Gordon Brown added that there is a shared global ethic that can lie behind global rules. He simply said: “Through each of our heritages, traditions and faiths, there runs a single powerful moral sense demanding responsibility from all and fairness to all. Christians do not say that people should be reduced merely to what they can produce or what they can buy – that we should let the weak go under and only the strong survive. No: we say, ‘Do to others what you would have them do unto you’. And when Judaism says, ‘Love your neighbour as yourself’, when Muslims say, ‘No one of you is a believer unless he desires for another what he desires for himself’, when Buddhists say, ‘Hurt not others in ways that you find yourself hurtful’, when Sikhs say, ‘Treat others as you would be treated yourself’, and when Hindus say, ‘The sum of duty is not do unto others what would cause pain if done to you’, they each and all reflect a sense that we share the pain of others, we believe in something bigger than ourselves, that we cannot be truly content while others face despair, cannot be completely at ease while others live in fear, and cannot be satisfied while others are in sorrow. I believe that we all feel, regardless of the source of our philosophy, the same deep sense, a moral sense, that each of us is our brothers’ and sisters’ keeper.”

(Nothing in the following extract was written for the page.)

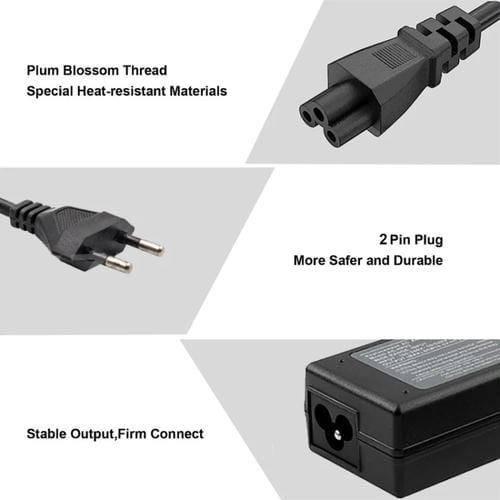 - Entrada: AC 100 - 240 V 0,9 A 50-60 Hz; Salida: 19,5 V 2,31 A; Potencia de salida: 45 W; Punta de salida: 4,5 mm x 2,7 mm; Longitud del Cable: 1,5 m; Peso neto: 136 g

Our own Prime Minister said it best when he concluded: “In the current economic crisis, the underlying truth is this. We are all in this together: governments and business, business and unions, individuals and communities, one nation with one another….Let us learn from history afresh. This crisis will test us greatly in the time that lies ahead…And if we are of sufficient courage to act together and for the common global good, then together we can craft a new feature for all human kind, not just for some.”